Поезд катит, куда фары светят. Составы бьются о рельсы. Я слышу, как вагоны стонут и плачут. Им неприятно. Им вовсе не хочется куда-то катить. Они обезумели от однообразия. Всегда одна и та же дорога. И невозможно свернуть. И невозможно вернуться назад… И им очень больно, когда их бьют по колесам… Чугунным голосом диспетчер разводит поезда по направлениям. «Двадцать пять пятнадцать, бис, отходите на пятый путь. У вас ровно десять минут. Не задерживайтесь… Семеныч, — ты слышишь меня? — не задерживайся…» Но Семеныч обязательно задержится. И Петрович задержится. И Михалыч. И Митрич. Может быть, молодой Андрюшка не задержится только. Ему, мудаку, еще все в новинку. Ему еще кажется, что на этом свете вполне можно благополучно и счастливо жить. Но Петрович-то с Митричем знают, что жизни их сраненькие закончились уже ровно в тот самый миг, как только они начались. Как только заорали они, выдавившись тесно из материнской утробы, так определенно в тот самый для них знаменательный час их жизнишки вместе с тем и закончились. Скучно, пьяно, монотонно и пусто… И разве все это называется жизнью? Семеныч, Петрович, Михалыч и Митрич, может быть, толком и ясно этого и не понимают. Но они это очень отчетливо чувствуют. Скучно, пьяно, монотонно и пусто… И на хрена корячиться, мать твою? Все равно все уже кончилось. Впереди ничего. И никогда и ни за что не предвидится никаких изменений…. Через пятнадцать минут диспетчер медным теперь уже голосом начнет материться: «Уйди на пятый путь, Семеныч, гнида отдолбанная! С Сортировочной идет шестнадцатый без остановок. Уйди, сволочь, уйди на хрен!..» В последнюю минуту Семеныч суетливо и дергано уберется все-таки на обозначенный путь, напуганный, недоумевающий, растерянный, будет ругаться, плеваться в сторону диспетчерской, крутить у висков всеми своими корявыми, черными, негнущимися пальцами… Потом закурит, выпьет полстаканчика водки, закусит вареной картошечкой и успокоится… Если его спросить теперь, почему же он таки, сукин сын, не ушел с путей через десять минут после того, как от него такого маневра потребовал диспетчер, он ответить на этот вопрос нипочем не сумеет.

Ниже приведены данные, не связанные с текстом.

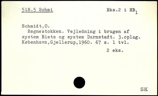 Regne stokken o Vejledning i brugen af system Rietz og system Darmstadt, 3,oplag, København9Gjellerupj1960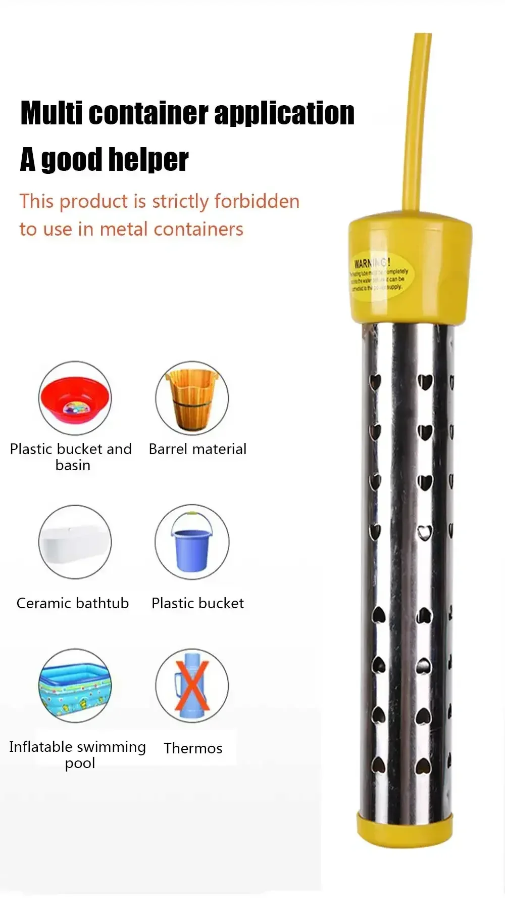 [Faster hot water]: 2000W high-power immersion water heater can quickly heat water without wasting too much electricity. In the cold winter, you no longer have to wait a long time to get warm water. When you use an immersion water heater, you can enjoy hot water anytime, anywhere in just a few minutes. [Safety protection] This immersed electric water heater has 304 stainless steel protection. Heating in water for a long time will not rust, and it can also prevent heating from direct contact with people, effectively preventing burns. Equipped with a water thermometer, when the temperature reaches the requirement, the water can be stopped in time. [Quality material]: The power cord plug has passed UL certification. It is safer than assembling wires and plugs. Simply plug it into any grounded wall outlet. The travel heater continuously heats the water to the most suitable temperature. [Easy to use] Just put the complete immersion pool heater in the water. Please note that the heater must be completely immersed in water during use. With water temperature measurement, you can base on temperature. Note: It is recommended that the continuous use of the tap water heater should not exceed 3 hours. [Portable and multifunctional]: You can use the pool heater anywhere. It supports use in containers of different sizes, such as buckets, basins, bathtubs, mini inflatable portable swimming pools, etc. This is the first choice for home and outdoor work. When the temperature is higher than 158 degrees Fahrenheit, it will automatically cut off the power connection. Package contains: 1pcxHeater

Он просто искренне не знает ответа на этот вопрос…
Комната моя едет куда-то вместе с трясущимися, подпрыгивающими поездами. Я все время в дороге, и днем и ночью. Я никогда не стану проводником и никогда не пойду в машинисты. Я скорее всего стану сапером. Всю оставшуюся жизнь я буду взрывать теперь к чертовой матери все эти хреновы поезда…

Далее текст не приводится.